Furthermore, locating domains is when it working with a protein sequence we can input it into the BLAST. It is to locate known domains within the sequence of interest. Next, using the results received through BLAST we can create a phylogenetic tree using the BLAST web- page. The phylogenies is based on the BLAST alone are less reliable than other purpose-built computational phylogenetic methods and it should only be relied upon for the first pass phylogenetic analyses.
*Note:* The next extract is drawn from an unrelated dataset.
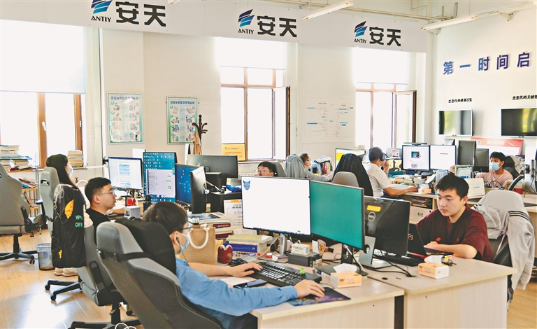 双屏电脑、竖屏电脑、笔记本电脑,每个工位上都至少摆放着两台电脑,这是安天科技集团股份有限公司(简称安天)办公区的标配。

In addition, when we working with a known species and looking to sequence a gene at an unknown location. So, the BLAST can compare the chromosomal position of the sequence of interest to relevant sequences in the databases. Last but not least, BLAST also can locate common genes in two related species and it can be used to annotations from one organism to another.

CONCLUSION

In conclusion, BLAST has become an essential tool for biologists. Furthermore, its speed and sensitivity allow scientists to compare nucleotide and protein sequences to both single sequences and large databases. The most importantly, BLAST has helped democratize bioinformatics analysis and make it accessible to any researcher over the Internet and it is rare to read a modern molecular biology paper that does not refer to a BLAST alignment. We should be able to compare BLAST result from different databases and converting values if they are reported differently.
Moreover, we also should know why BLAST result might change from one day to the next even though on the same server. Last but not least, BLAST and its descendant applications have permitted scientists to estimate the functions of genes and proteins in whole genomes, answering questions that could never be answered at a lab bench or in a class.